Her parents are the only ones who see the "real" Severa on any regular basis. They've raised her through most of her life, but her friends came into her life at a time when she was old enough to put on a persona. So her parents are the only people who have seen her at her absolute worst: Whiny, self-defeating, and convinced that she's useless if she fails at any task, ever, no matter how minor. Even to her best friends, her "most vulnerable" (which usually manifests as meaningless, outward-directed anger) is only a fraction of how bad it can actually get. Why the difference in personas? Why does she insist on playing herself off as a perfect, infallible lady to her friends while she's so much more honest with her parents? Probably because her friends haven't already died once before. She's getting a second chance with her parents, so she's trying to make up for it. She's trying to prevent the last thing she ever says to them from being as awful and biting as they were the first time around.

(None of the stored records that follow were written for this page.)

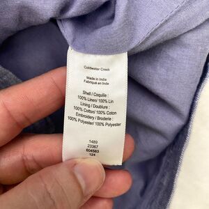 Material tags confirm: Shell 100% Linen, Lining 100% Cotton, Embroidery 100% Polyester.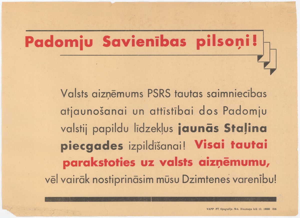 Padomju Savienības pilsoņi! [attēls] Valsts aizņēmums PSRS tautas saimniecības atjaunošanai un attīstībai dos Padomju valstij papildus līdzekļus jaunās Staļina piecgades izpildīšanai! Visai tautai parakstoties uz valsts aizņēmumu, vēl vairāk nostiprināsim mūsu Dzimtenes varenību! / mākslinieks nezināms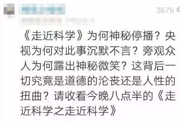 节目停播的消息传出后,评论区被“走近科学体”攻陷了。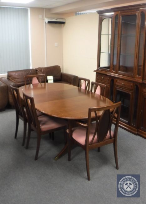 A mahogany G-Plan oval extending dining table together with a set of six chairs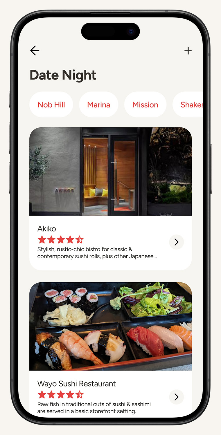 Group Table emerged from the belief that dining should be about getting together. So we set out to make the first AI powered social-restaurant app. We wanted to make something that gets to know everyone's preferences, so it can make smart recommendations, so you spend less time finding and more time dining!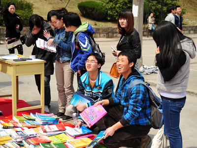 活动现场人声鼎沸,书摊跟前人来人往。学弟学妹们积极挑选着自己需要的书籍,各位毕业生党员也热情地向他们介绍各类书籍,现场气氛非常高涨。在赠书过程中,毕业生党员号召学弟学妹们用低价的钱换取书籍,所得钱款将捐给贫困灾区,献一份爱心。该号召得到了热烈响应,人群中不时爆发出阵阵赞美声,同学们得“书”之恩惠,慷慨解囊。不少同学在得到书籍的同时,写了感谢语:“谢谢学长学姐,这个活动很有意义!”、“谢谢学长学姐的书,明年我们继续传承下去!”、“学长学姐真给力!活动很好!”,真挚的话语表达了感激之情。本次活动历时3小时,总共赠书159本,得到书款585元。剩余的书籍名单将在cc98“E电园”的帖子“我向学弟学妹赠书物”中列出,望更多的学弟学妹来领取。

And that's kind of trickling down to the rest of her friends, too. Since she did screw up so badly with her parents' last words, she has a lot of regret and a lot of problems letting herself get close to people. Her parents are both alive again, but she knows that's a chance that she will not get again with anybody else. So she's trying to power through that regret and force herself to open up more. There aren't any more second chances coming, so why ruin your first chance? But she has a long road ahead of her. Right now, the best way to get her to open up is to make her feel needed, which isn't something she has a lot of experience in. Actually, genuinely validate her presence in your life (like Noire does by being a kind of major screw-up, or like Lucina did by making her part of the army in the first place) and she won't immediately stop being that cold, closed-off jerk, but she will start treating you the best way she knows how. Which still isn't great, but it's better than when she started.

Appearance: http://vignette2.wikia.nocookie.net/fireemblem/images/e/e9/Serena_%28FE13%29.png -- though her hair is more orange, since she inherited that from her father

Abilities: Severa doesn't have any superhuman or magical abilities; she's just pretty good with a sword. Otherwise, totally normal human girl.

▸SAMPLES:

First Person:

[a crudely drawn picture of a woman with two long pigtails appears on the network and begins bouncing idly while its narration is actually being written. it acts out many of the things that are written below it as they appear; the writing is, in contrast, pretty elegant. it's fancy script, but not unreadable, if the magic powering this whole thing doesn't just render it in the same style regardless.]

You're telling me I could have anything I imagine. Gold, jewels, trinkets, anything. I just have to think it into existence, and it's there. But the only way to get the power to do that is to abandon all my scruples as the lady I am and indulge some of the most disgusting urges one could indulge in? I certainly hope that the possessions are a reward for that, and not the other way around.

[her little drawing makes a disgusted face rather than act out anything involving sex.]

Couldn't anyone have thought of a more dignified means of distraction? Swordplay, or

[the text stops abruptly. a blot of ink appears next to the drawing.]

I've just been told that "swordplay" is ALSO a type of debauchery. Gods, is there nothing you haven't sullied? If this is really the only way to go about things, I'll do it. But I don't plan on being happy about it. I consider myself lucky there are some people I already know here. I don't know how you'd expect me to do this sort of thing with somebody completely new.